• _Description of the task_:
Would you transcribe the records below from the line with "The back part" to the line with "Scharniere mit einstellbarer", ends included, exactly and with nothing more, leaving the pictures out?

• _Stored data_:
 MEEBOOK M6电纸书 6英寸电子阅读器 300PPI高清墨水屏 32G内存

---

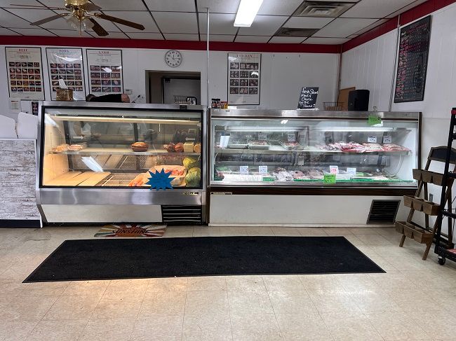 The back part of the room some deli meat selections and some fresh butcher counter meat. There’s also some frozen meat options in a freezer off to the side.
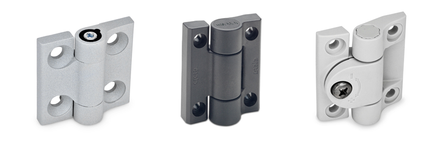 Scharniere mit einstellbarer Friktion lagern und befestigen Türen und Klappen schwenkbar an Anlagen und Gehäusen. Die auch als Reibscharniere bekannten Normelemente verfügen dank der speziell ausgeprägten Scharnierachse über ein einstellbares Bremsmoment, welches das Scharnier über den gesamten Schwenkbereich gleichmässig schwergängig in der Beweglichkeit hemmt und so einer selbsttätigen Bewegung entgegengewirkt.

---

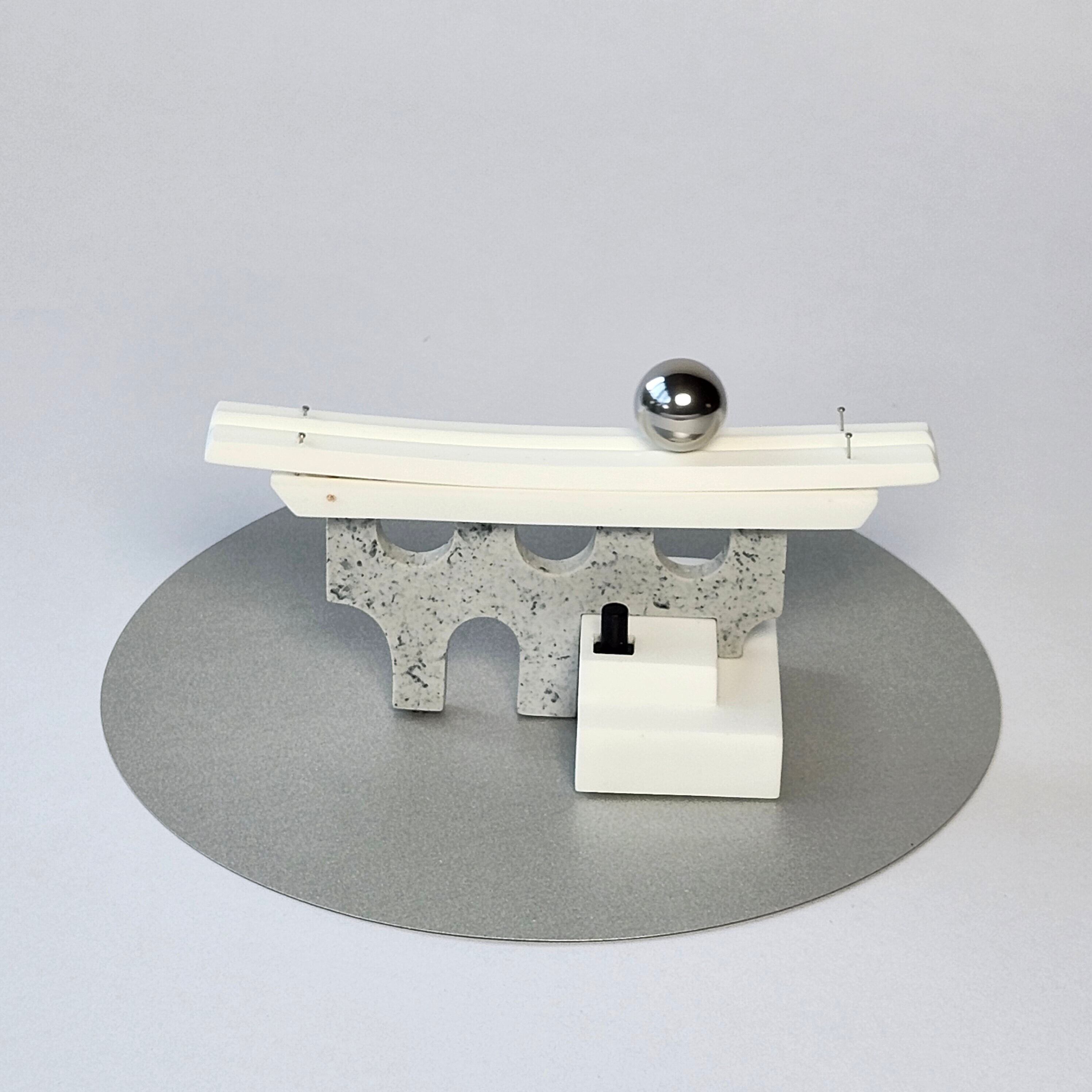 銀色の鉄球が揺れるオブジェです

• _Exercise result_:
 The back part of the room some deli meat selections and some fresh butcher counter meat. There’s also some frozen meat options in a freezer off to the side.
 Scharniere mit einstellbarer Friktion lagern und befestigen Türen und Klappen schwenkbar an Anlagen und Gehäusen. Die auch als Reibscharniere bekannten Normelemente verfügen dank der speziell ausgeprägten Scharnierachse über ein einstellbares Bremsmoment, welches das Scharnier über den gesamten Schwenkbereich gleichmässig schwergängig in der Beweglichkeit hemmt und so einer selbsttätigen Bewegung entgegengewirkt.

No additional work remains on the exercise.